Irritato, lo scrittore preso di mira ha occupato addirittura la prima pagina di Repubblica reclamando una stroncatura. «Cari critici, vendo milioni di copie e sono tradotto in tutto il mondo: se non amate i miei libri ho il diritto di essere stroncato». Diritto negato perché, si lamenta Baricco, «per persone intelligenti e colte come Citati e Ferroni i miei libri stanno alla letteratura come il fast-food alla cucina francese». Siamo tornati insomma alle regole dei duelli, con il marrano che vorrebbe essere infilzato dal cavaliere e invece deve accontentarsi dei suoi lazzi.
L’ira di Baricco ci è sembrata da molti punti di vista ingiustificata. Per cominciare non corrisponde a verità che Ferroni si sia limitato a una breve frase ingiuriosa; al contrario, non solo ha recensito e stroncato Questa storia sulle pagine del mensile Il giudizio universale, ma ha anche dedicato a Baricco un’intera pagina nel XX volume della Storia della Letteratura Italiana della Garzanti.
Lì Ferroni non si sottrae «al confronto aperto», tutt’altro; scrive infatti: «Baricco traccia una sorta di “ritratto dell’artista da giovane postmoderno internazionale”: scrittore-intrattenitore, come dev’essere e come vuole che sia la piccola borghesia giovanile moderatamente colta, la buona sinistra “dolce” e “americana”». Più chiaro di così. In secondo luogo, si potrebbe aggiungere che Baricco non è nella posizione migliore per esigere da chicchessia un comportamento integerrimo; ognuno è libero di conquistare i lettori come meglio crede, ma non ci si può svegliare una mattina ed assumere atteggiamenti di rigorismo socratico dopo una vita passata sotto ben più accomodanti stelle.
Censurabili anche i modi: perché ben presto alla spocchia degli accademici Baricco oppone la propria antiaccademica spocchia. Così Citati e Ferroni sono critici autorevoli «per il loro curriculum e per altre ragioni per me più imperscrutabili», due «mandarini della nostra cultura che incantano il loro uditorio con la raffinatezza delle loro chiacchiere...». Non sono, queste, altrettante stroncature da cui trasuda una simmetrica mancanza di legittimazione?
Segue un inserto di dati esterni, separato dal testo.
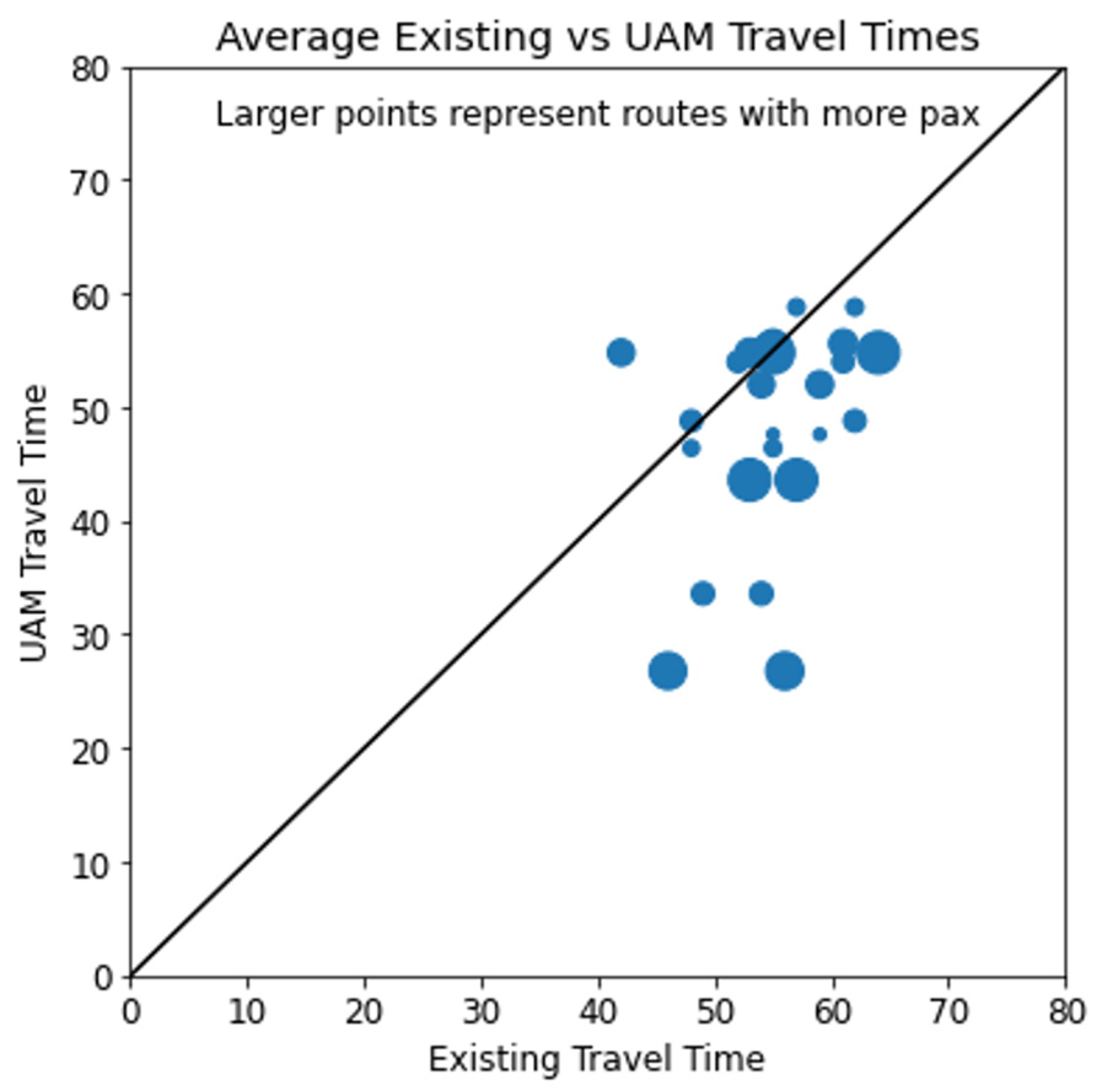 Figure 10. Existing vs. UAM travel times.

Si è reso conto, Baricco, che delegittimando il nemico degrada la polemica a semplice lite?
Nonostante tali riserve, durante la lettura dell’articolo abbiamo concepito il sospetto che il fastidio per la mancata stroncatura, cioè per un mancato riconoscimento, sia solo un paravento dietro il quale si celano rivendicazioni piuttosto luciferine, sebbene lasciate in sospeso. In realtà, Baricco accusa implicitamente Citati e Ferroni di ignorare che la mutazione antropologica di cui parlava Pasolini abbia raggiunto anche la letteratura, la cui definizione è mutata. Abbiamo i numeri, dice Baricco, siamo maggioranza: se è vero che il significato delle parole lo stabilisce il popolo, e non i dotti, allora il significato della parola «letteratura» lo stabiliscono i miei lettori, che sono legione, non i vostri che sono quattro gatti. Se mi leggeste, «chissà che non vi balugini l’idea che una nuova civiltà sta arrivando, in cui l’uso del passato non avrà niente a che fare con il vostro collezionismo raffinato e inutile». È l’usurata accusa nietzscheana della Seconda inattuale, ma in ballo c’è ben altro che una mancata stroncatura: c’è un’aurea parola contesa.
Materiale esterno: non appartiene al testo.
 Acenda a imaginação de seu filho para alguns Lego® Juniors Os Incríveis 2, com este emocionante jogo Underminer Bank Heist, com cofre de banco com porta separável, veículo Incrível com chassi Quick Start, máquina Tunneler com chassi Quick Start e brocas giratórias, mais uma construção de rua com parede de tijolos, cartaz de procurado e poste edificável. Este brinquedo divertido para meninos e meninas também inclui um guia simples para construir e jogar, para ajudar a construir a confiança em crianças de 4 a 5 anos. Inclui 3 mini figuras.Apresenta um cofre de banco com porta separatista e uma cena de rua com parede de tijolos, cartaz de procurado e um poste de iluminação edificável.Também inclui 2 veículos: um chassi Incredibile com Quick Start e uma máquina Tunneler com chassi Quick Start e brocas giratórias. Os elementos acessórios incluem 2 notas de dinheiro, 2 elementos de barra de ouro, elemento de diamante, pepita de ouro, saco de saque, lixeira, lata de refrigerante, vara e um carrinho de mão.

Solo adesso una polemica vera e propria può iniziare. Possiamo chiederci se la «nuova civiltà» sia migliore (più complessa, luminosa, benefica) della vecchia, se sia preferibile contrastarla oppure promuoverla, e anche se le due civiltà possano convivere tollerandosi e magari arricchendosi vicendevolmente. Cosa tutt’altro che facile: tanto per fare un esempio, nella «nuova civiltà» la stroncatura è antieconomica e quindi non esiste. Non a caso nel mondo nuovo il paginone centrale di Repubblica non serve a denunciare il superuomo truce, meschino e antisociale di Federico Moccia, il quale vendendo un milione di copie ha reso la convivenza civile più infernale di quanto già non fosse. Al contrario, serve per inchinarsi alle cianfrusaglie di Isabella Santacroce o all’ultimo dozzinale romanzo di Melania Mazzucco. Baricco è dunque doppiamente contraddittorio: perché pretende dagli altri un rigore che non ha mai preteso da se stesso, e perché da cittadino «nuovo» desidera un oggetto, la stroncatura appunto, che appartiene al mondo vecchio.
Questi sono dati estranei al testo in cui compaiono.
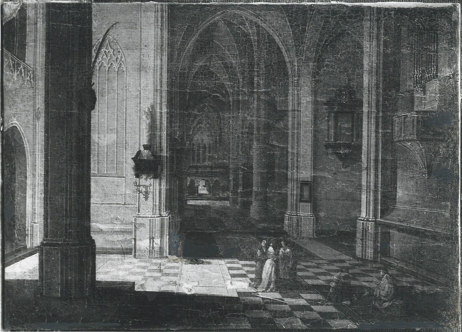 INTERIEUR D'EGLISE : GROUPE DE PERSONNAGES CONVERSANT DANS UN BAS COTE

Se avesse condotto il suo pensiero fino in fondo, avrebbe potuto orgogliosamente infischiarsene di Ferroni e Citati, e cercare la sua glorificazione altrove che nella critica letteraria. Perché non lo ha fatto? Si sarà ricordato troppo tardi che la gloria letteraria, nel mondo nuovo, è un prodotto introvabile?